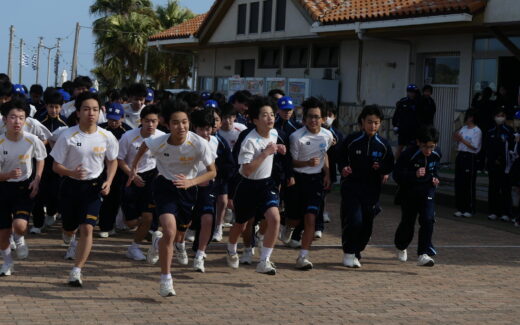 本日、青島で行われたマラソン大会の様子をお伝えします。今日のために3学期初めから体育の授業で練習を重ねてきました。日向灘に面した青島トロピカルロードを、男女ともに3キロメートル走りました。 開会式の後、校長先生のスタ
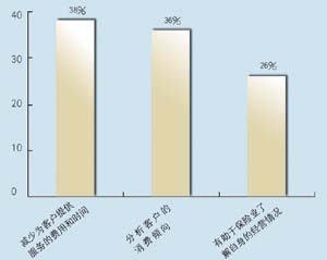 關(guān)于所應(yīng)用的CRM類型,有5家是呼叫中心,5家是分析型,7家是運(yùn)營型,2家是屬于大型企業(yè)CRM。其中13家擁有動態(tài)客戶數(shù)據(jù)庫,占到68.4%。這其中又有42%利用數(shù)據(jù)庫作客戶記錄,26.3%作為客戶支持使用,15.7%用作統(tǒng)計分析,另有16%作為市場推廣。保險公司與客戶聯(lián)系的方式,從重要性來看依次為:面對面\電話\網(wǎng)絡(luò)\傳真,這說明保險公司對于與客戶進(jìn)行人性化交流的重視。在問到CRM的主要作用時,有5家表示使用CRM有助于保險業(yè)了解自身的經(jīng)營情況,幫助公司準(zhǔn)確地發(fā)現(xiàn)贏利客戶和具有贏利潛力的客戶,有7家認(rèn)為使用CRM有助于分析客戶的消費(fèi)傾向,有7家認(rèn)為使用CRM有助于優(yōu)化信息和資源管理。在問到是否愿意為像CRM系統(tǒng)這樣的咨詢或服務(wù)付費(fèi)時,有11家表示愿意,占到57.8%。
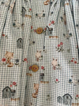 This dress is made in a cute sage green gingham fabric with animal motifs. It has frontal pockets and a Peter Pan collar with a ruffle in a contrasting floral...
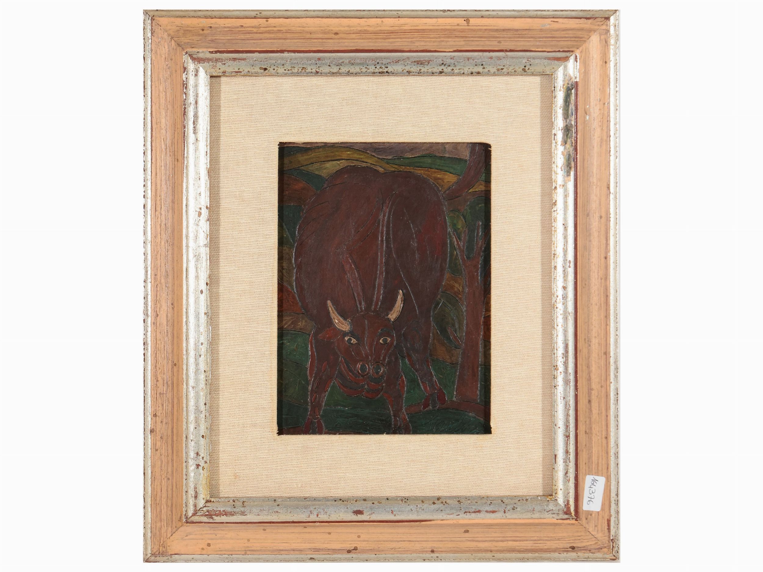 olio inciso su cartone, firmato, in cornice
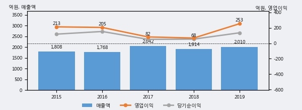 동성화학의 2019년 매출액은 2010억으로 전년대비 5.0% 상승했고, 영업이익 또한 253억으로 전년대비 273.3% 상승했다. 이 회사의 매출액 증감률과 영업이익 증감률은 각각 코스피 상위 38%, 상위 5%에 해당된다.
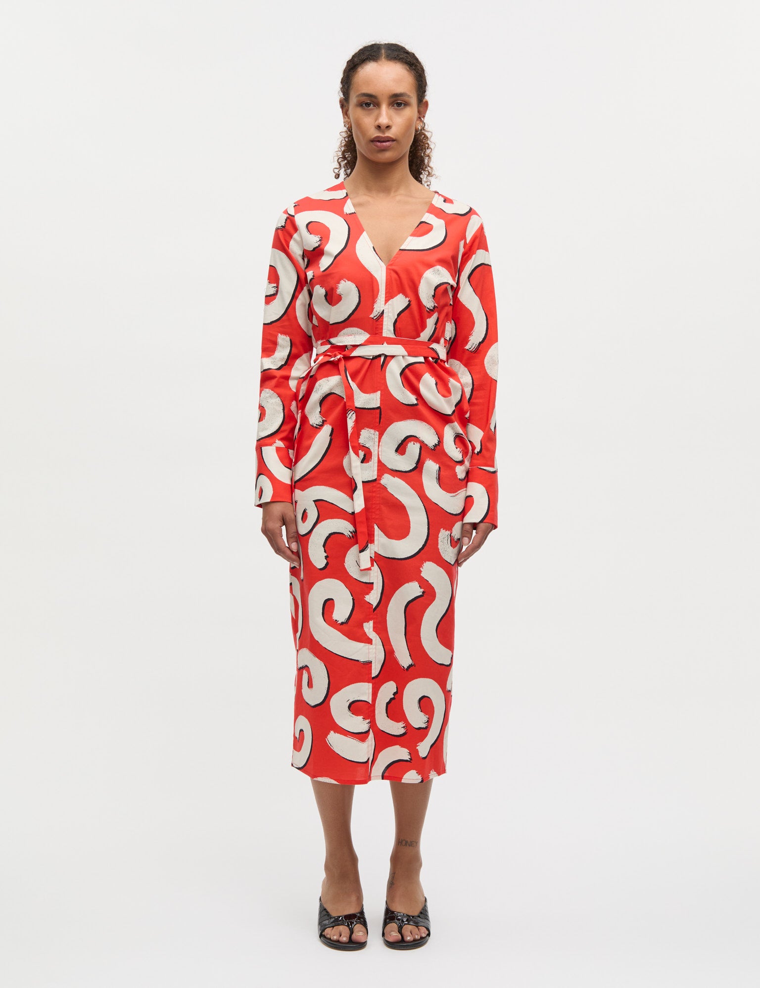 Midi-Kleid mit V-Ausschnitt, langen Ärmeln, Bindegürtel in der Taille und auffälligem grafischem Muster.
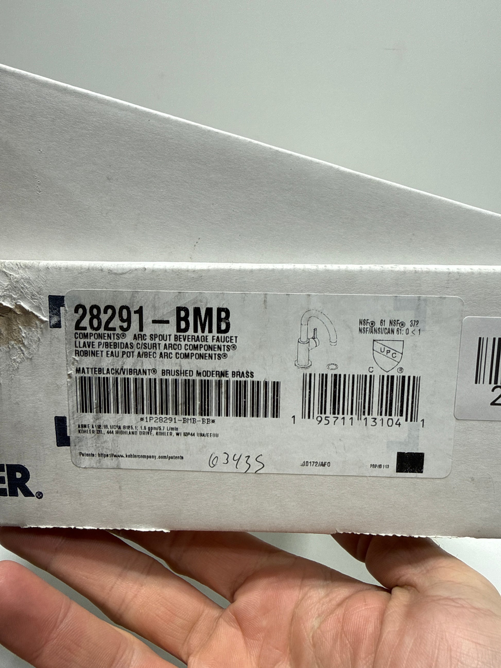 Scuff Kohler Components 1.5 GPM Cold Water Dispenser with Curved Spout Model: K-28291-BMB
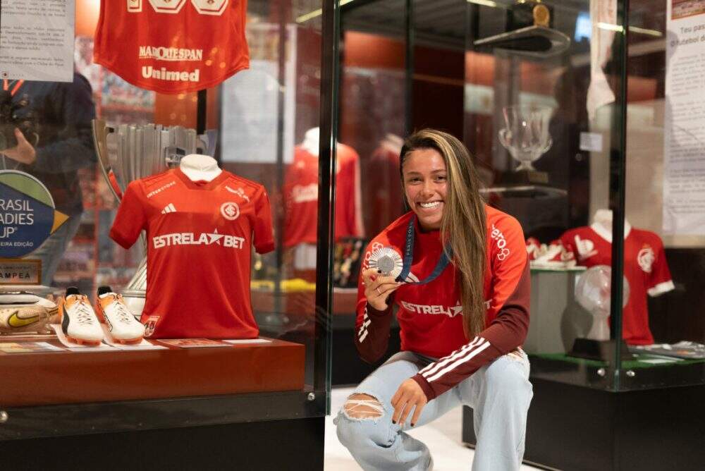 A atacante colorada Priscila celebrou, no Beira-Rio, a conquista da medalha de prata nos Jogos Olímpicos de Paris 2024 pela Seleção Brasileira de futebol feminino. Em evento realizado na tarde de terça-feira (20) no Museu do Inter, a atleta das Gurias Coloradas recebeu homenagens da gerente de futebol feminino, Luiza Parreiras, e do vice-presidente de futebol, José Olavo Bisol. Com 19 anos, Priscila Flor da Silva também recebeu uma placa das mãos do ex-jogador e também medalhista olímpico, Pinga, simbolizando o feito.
--
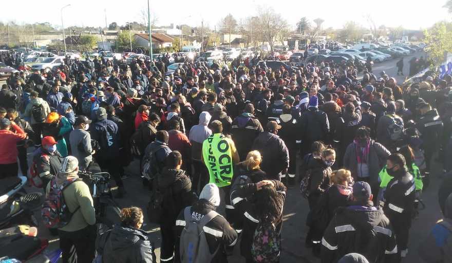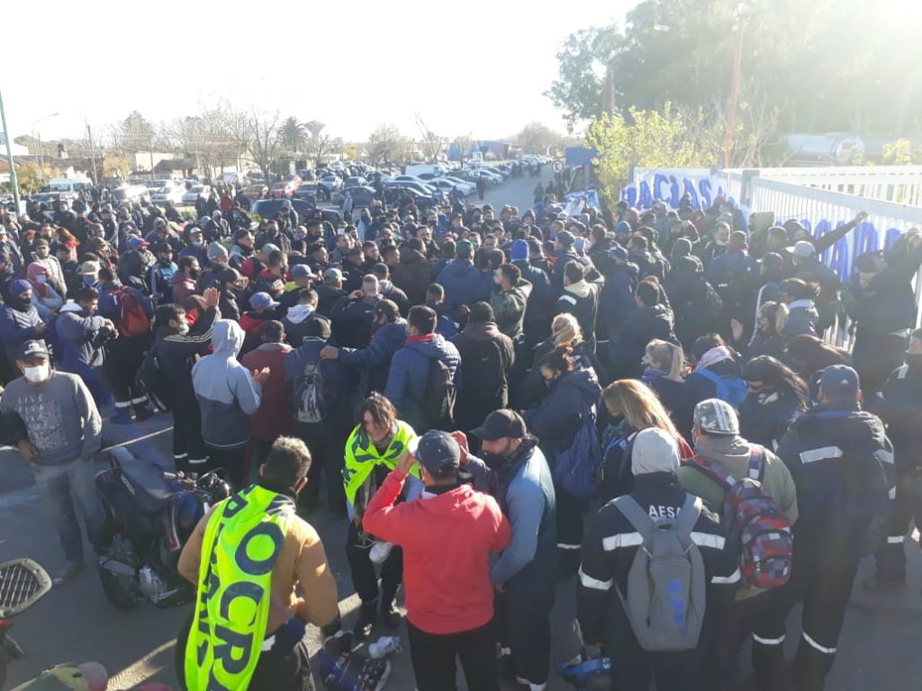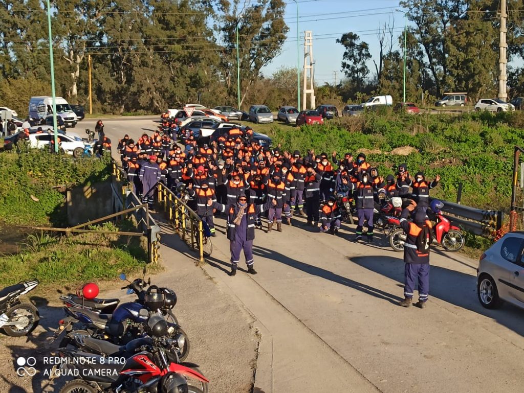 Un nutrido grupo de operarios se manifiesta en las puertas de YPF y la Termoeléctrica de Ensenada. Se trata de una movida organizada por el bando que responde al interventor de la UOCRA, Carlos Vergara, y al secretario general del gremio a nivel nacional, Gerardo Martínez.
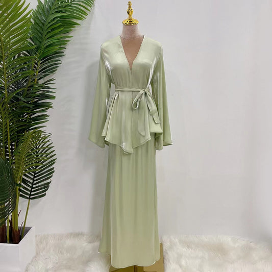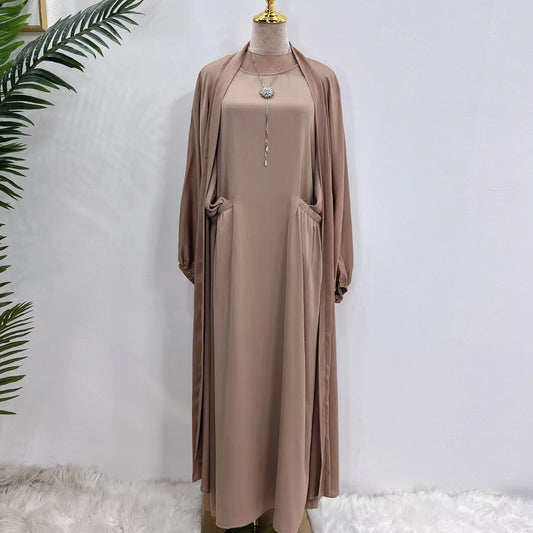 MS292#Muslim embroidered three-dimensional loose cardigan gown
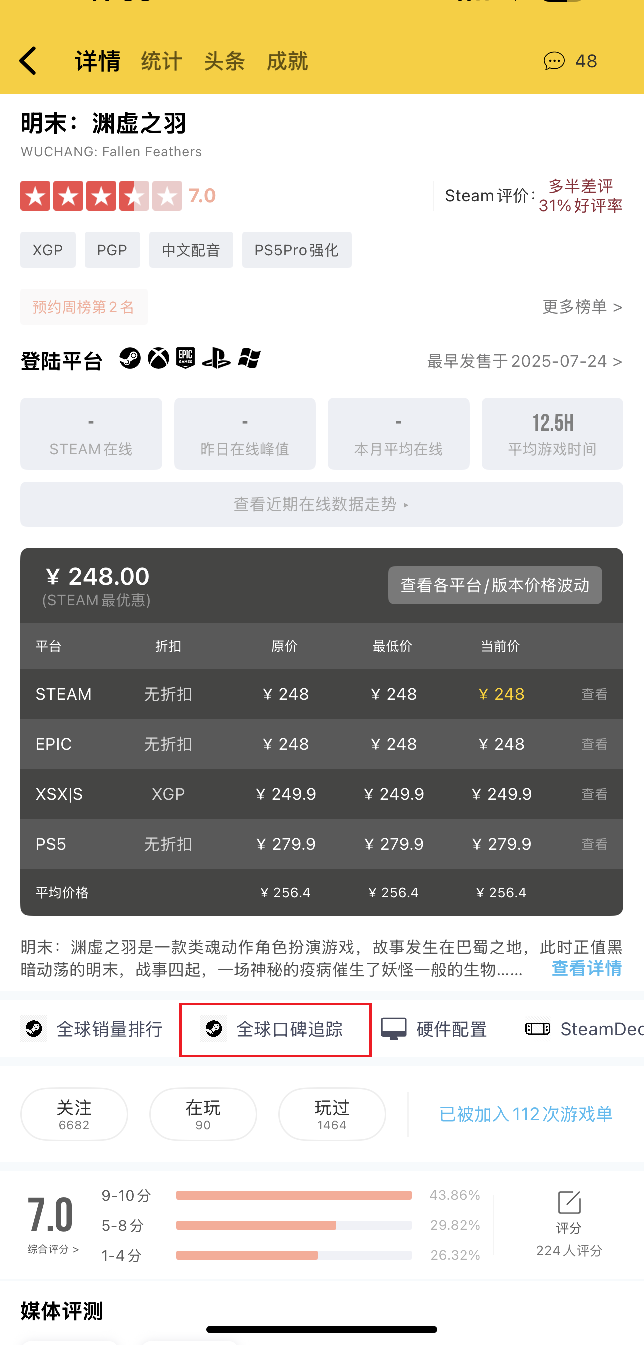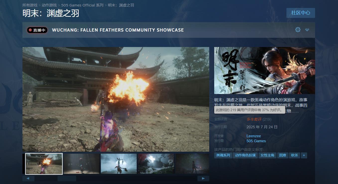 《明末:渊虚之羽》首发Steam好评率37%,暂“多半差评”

What is being asked:
Taking the entries above, copy word for word the lines from the one with "This dress is" up to and including the one with "A atacante colorada", without any picture.

Task answer:
 This dress is made in a cute sage green gingham fabric with animal motifs. It has frontal pockets and a Peter Pan collar with a ruffle in a contrasting floral...
 olio inciso su cartone, firmato, in cornice
 동성화학의 2019년 매출액은 2010억으로 전년대비 5.0% 상승했고, 영업이익 또한 253억으로 전년대비 273.3% 상승했다. 이 회사의 매출액 증감률과 영업이익 증감률은 각각 코스피 상위 38%, 상위 5%에 해당된다.
 Midi-Kleid mit V-Ausschnitt, langen Ärmeln, Bindegürtel in der Taille und auffälligem grafischem Muster.
 Scuff Kohler Components 1.5 GPM Cold Water Dispenser with Curved Spout Model: K-28291-BMB
 A atacante colorada Priscila celebrou, no Beira-Rio, a conquista da medalha de prata nos Jogos Olímpicos de Paris 2024 pela Seleção Brasileira de futebol feminino. Em evento realizado na tarde de terça-feira (20) no Museu do Inter, a atleta das Gurias Coloradas recebeu homenagens da gerente de futebol feminino, Luiza Parreiras, e do vice-presidente de futebol, José Olavo Bisol. Com 19 anos, Priscila Flor da Silva também recebeu uma placa das mãos do ex-jogador e também medalhista olímpico, Pinga, simbolizando o feito.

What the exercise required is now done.